Material & Methods:
This retrospective study was conducted in five tertiary care neonatal
intensive care units (NICU) of South India over 29 months (January 2018
to May 2020). All neonates (both inborn and outborn) above 35 weeks of
gestation born by meconium-stained amniotic fluid with the onset of
distress within 12 hrs of life, requiring respiratory support beyond 24
hrs of life and chest x-ray showing features of MAS ((hyper-inflated
lung fields with diffuse non-homogenous opacity or reticulonodular
pattern or low volume lungs with reticulogranularity and
air-bronchograms)12 were eligible for enrolment.
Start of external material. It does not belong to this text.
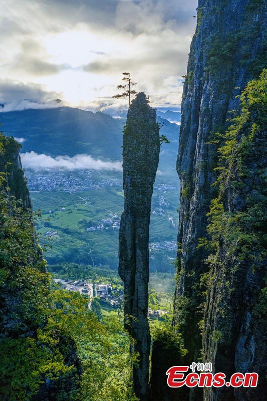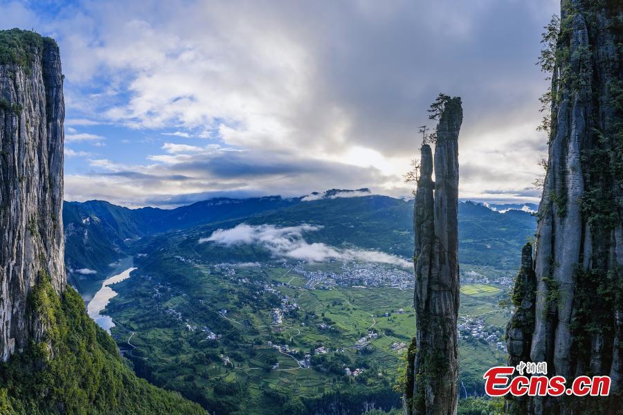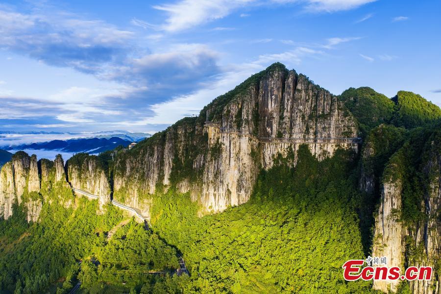 Photo shows the majestic cliffs of the Enshi Grand Canyon in Enshi Tujia and Miao Autonomous Prefecture, central China's Hubei Province. (Photo provided to China News Service)

Newborns with major life-threatening congenital malformations were
excluded. The Institutional Ethics committee approved the study at all
the centres.
Of the five centres participated, two centres were private sector
hospitals, one was public sector hospital, two were trust hospitals. All
the centres catered to sick term and preterm infants, both intra and
extra mural. The five centres had similar protocols in the respiratory
management of neonates with MAS. The primary respiratory support was
defined as the highest respiratory support required within the first 6
hours of admission. Surfactant was administered if FiO2 was above 40%
on CPAP or mechanical ventilation. Only one centre had access to inhaled
nitric oxide. The data was retrieved with the discharge diagnosis of
“Meconium aspiration syndrome” from the computerized database or
admission registers. The data was collected with respect to respiratory
support, timing of initiation of CPAP, timing of surfactant
administration, number of doses of surfactant, severity of PPHN,
vasodilators usage , antibiotic usage, indication for antibiotic usage
and number of days, length of stay in hospital till discharge and
survival outcomes were collected. The primary support beyond oxygen
included either CPAP or mechanical ventilation. The data were entered
into a web database and coded for each centre separately.
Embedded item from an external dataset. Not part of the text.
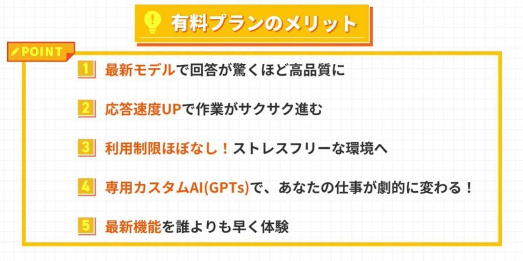 6つの違いを踏まえ、ChatGPTの有料プラン(Plus)を業務で使うと具体的にどんなメリットが得られるのかを5つの視点で掘り下げます。

The prolonged hospital stay was arbitrarily defined as a stay beyond 7
days of life for the study purpose as there was no clear definition from
previous studies. Neonatal sepsis was diagnosed if the blood culture was
positive. Hypoxic Ischemic Encephalopathy (HIE) was classified using
Sarnat and Sarnat staging13. Persistent pulmonary
hypertension was diagnosed based on 2D-Echocardiographic findings of
elevated pulmonary artery systolic pressure (PASP). The PASP greater
than three quarters of systolic pressure was defined as moderate-severe
PPHN14. The hypoxemia in PPHN was stratified based on
the Oxygen saturation index (OSI). The OSI values correspond to half of
the oxygenation index (OI)15, and severity of
hypoxemia in PPHN was graded as mild < 7.5, moderate ≤ 7.5-
12.5, and severe >12.5.
The primary outcome measure was to identify morbidities predicting
prolonged length of stay (>7days). The secondary outcome
was to evaluate the proportion of associated morbidities in our cohort.